Over the course of the war, some 90,000 Michigan men (about 23 percent of the 1860 male population of the state) served in the Union forces. This figure includes some 1,600 black soldiers. Michigan raised a total of 30 infantry regiments, the 102nd United States Colored Infantry Regiment, formally the 1st Michigan Colored Infantry Regiment, eleven cavalry regiments, three companies in the 2nd Missouri Cavalry Regiment, also known as Merrill’s Horse, one light artillery regiment, two light batteries, the 1st Michigan Sharpshooters Regiment, three other companies of sharpshooters, as well as three companies in the 1st United States Sharpshooters, one in the 2nd United States Sharpshooters, one in the 66th Illinois Infantry Regiment also known as the Western Sharpshooters, an independent sharpshooter battalion, and the 1st Michigan Engineers. According to Frederick H. Dyer, a total of 14,753 officers and men from Michigan died during the war, but a "Roll of Honor" prepared upon order of the Michigan Legislature in 1869 contains 14,855 names.

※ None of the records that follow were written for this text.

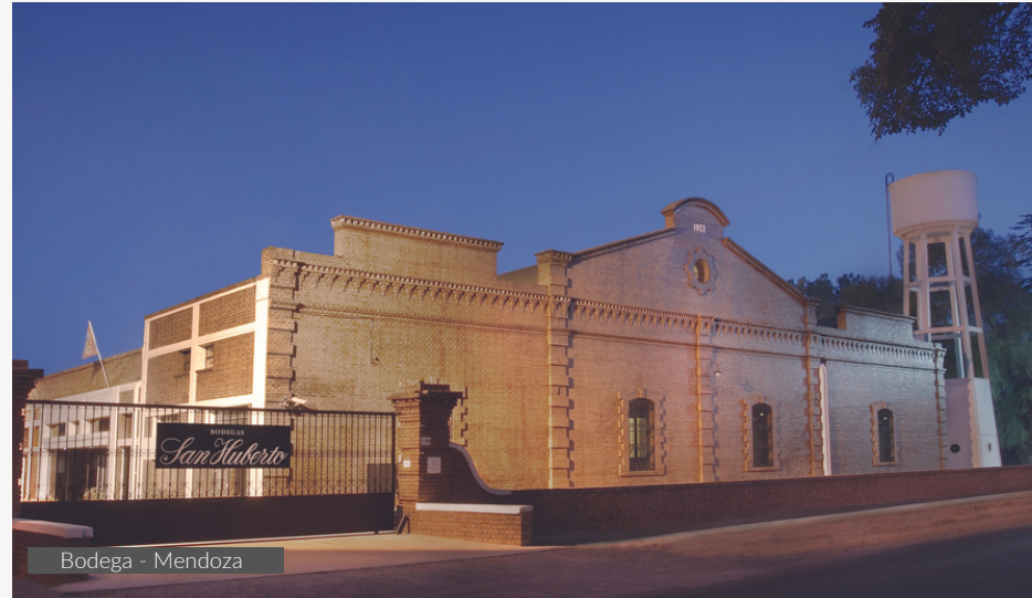
Bodega - Mendoza

The dry climate together with cold winters, warm springs and cool summers, as well as the limy and clayey soils, make the ideal conditions to obtain worldwide famous wines with unique characteristics.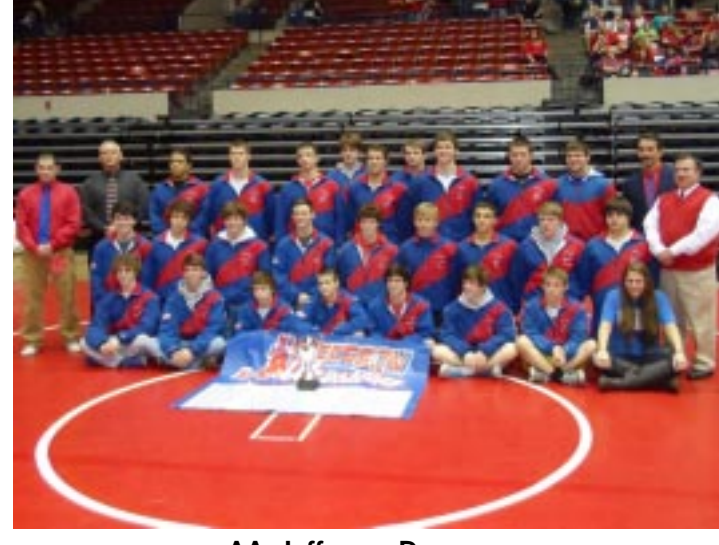
AA : Jefferson Dragons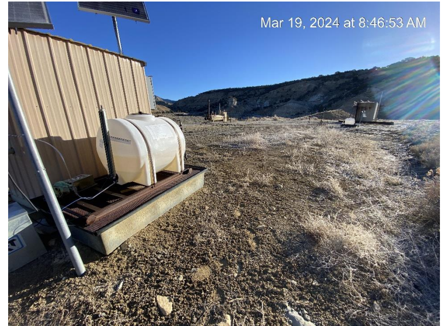
Location from Southwest corner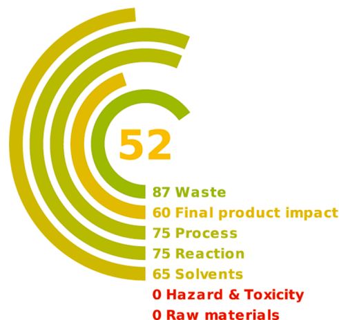
Fig. 2. GREEN MOTION™ assessment of N -butyl- N -ethylpiperidinium bis(trifluoromethanesulfonyl)imide synthesis.

Environmental Factor (E-factor) - mass of waste/mass of product (kg waste per kg product) - and Reaction Mass Efficiency (RME) have been then calculated. E-factor that has been proposed by R. Sheldon (Sheldon, 1992; Sheldon, 2017) is the actual amount of waste produced in a process. It takes into account the waste of all the chemicals used, whether for synthesis but also for the various treatments. It takes the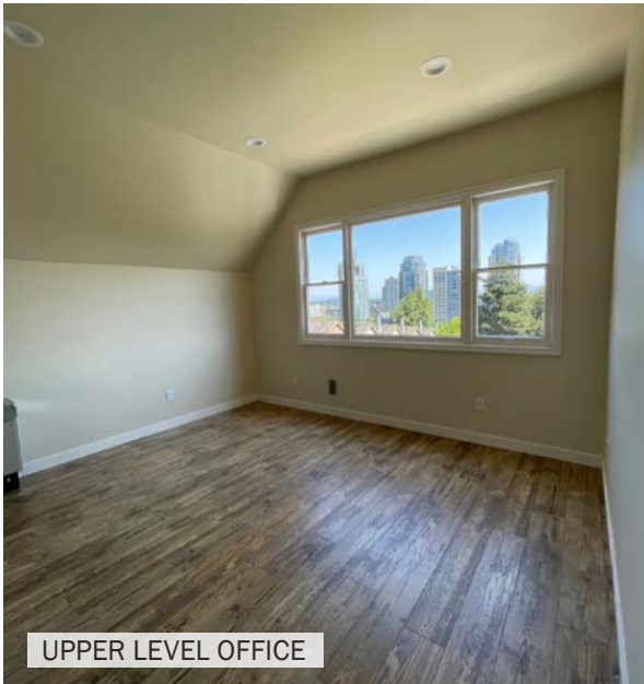
UPPER LEVEL OFFICE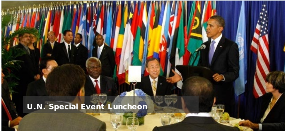
U.N. Special Event Luncheon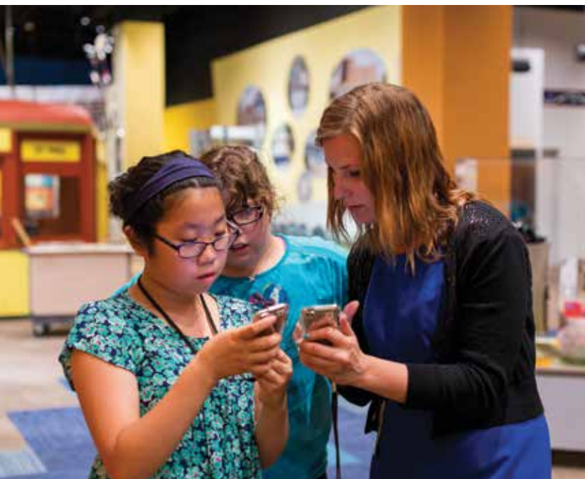
Left: Students using Play the Past . Right: History Player in the Classroom lesson Promise Fulfilled? The Emancipation Proclamation: Past, Present & Predictions .

MNHS worked with a number of partners in FY14, including Step-Up, the City of Minneapolis' summer jobs program for low income youth, which resulted in student interns working at Mill City Museum. And, Points of Light, a national service organization, included MNHS in a new initiative to train organizations to leverage volunteers and their skills to address community needs.

Among the more celebrated units was the 24th Michigan Volunteer Infantry, which, as a part of the famed Iron Brigade, suffered considerable losses at the Battle of Gettysburg while defending McPherson's Ridge. George Armstrong Custer's "Michigan Wolverine" Cavalry effectively battled J.E.B. Stuart at Gettysburg on the East Cavalry Field.

Several Union generals hailed from Michigan, including: Custer, Elon J. Farnsworth, Byron Root Pierce, Orlando Metcalfe Poe, Israel Bush Richardson, and Orlando B. Willcox. In a letter to his wife, one Union soldier from Michigan detailed his motivations for fighting for the U.S. in the war, before dying in 1864:

The more I learn of the cursed institution of slavery, the more I feel willing to endure, for its final destruction ... After this war is over, this whole country will undergo a change for the better ... Abolishing slavery will dignify labor; that fact of itself will revolutionize everything ... Let Christians use all their influence to have justice done to the black man.

==Casualties==

Ah! yes, many a hand that vigorously grasped these Flagstaffs and led the van, now lies crumbling in the grave; and not color-bearers alone, but nearly 15,000 others who fought beside them—the flower of Michigan—return not to receive your thanks and the plaudits of their grateful countrymen.
— General O. B. Willcox, Presentation of Civil War Flags
to the State, July 4, 1866

14,753 Michigan soldiers died in service, roughly one of every six who served. A total of 4,448 of these deaths were combat deaths while the rest, over 10,000, were from disease, a constant fear in crowded army camps with poor food, sanitation and exposure issues and pre-modern medicine. Michigan suffered the sixth-highest losses among the Union states (the non-state U.S. Colored Troops losses also exceeded Michigan's).

==Homefront==

Michigan actively participated in the American Civil War sending thousands of volunteers. A study of the cities of Grand Rapids and Niles shows an overwhelming surge of nationalism in 1861, whipping up enthusiasm for the war in all segments of society, and all political, religious, ethnic, and occupational groups. However, by 1862 the casualties were mounting and the war was increasingly focused on freeing the slaves in addition to preserving the Union. Copperhead Democrats called the war a failure, and although it was attempted to make support for the war more and more a partisan Republican effort, the election of 1864 showed support for the Federal cause remained strong. Michigan voters overwhelmingly supported the Union: 79,149 (53.60%) to 68,513 (46.40%).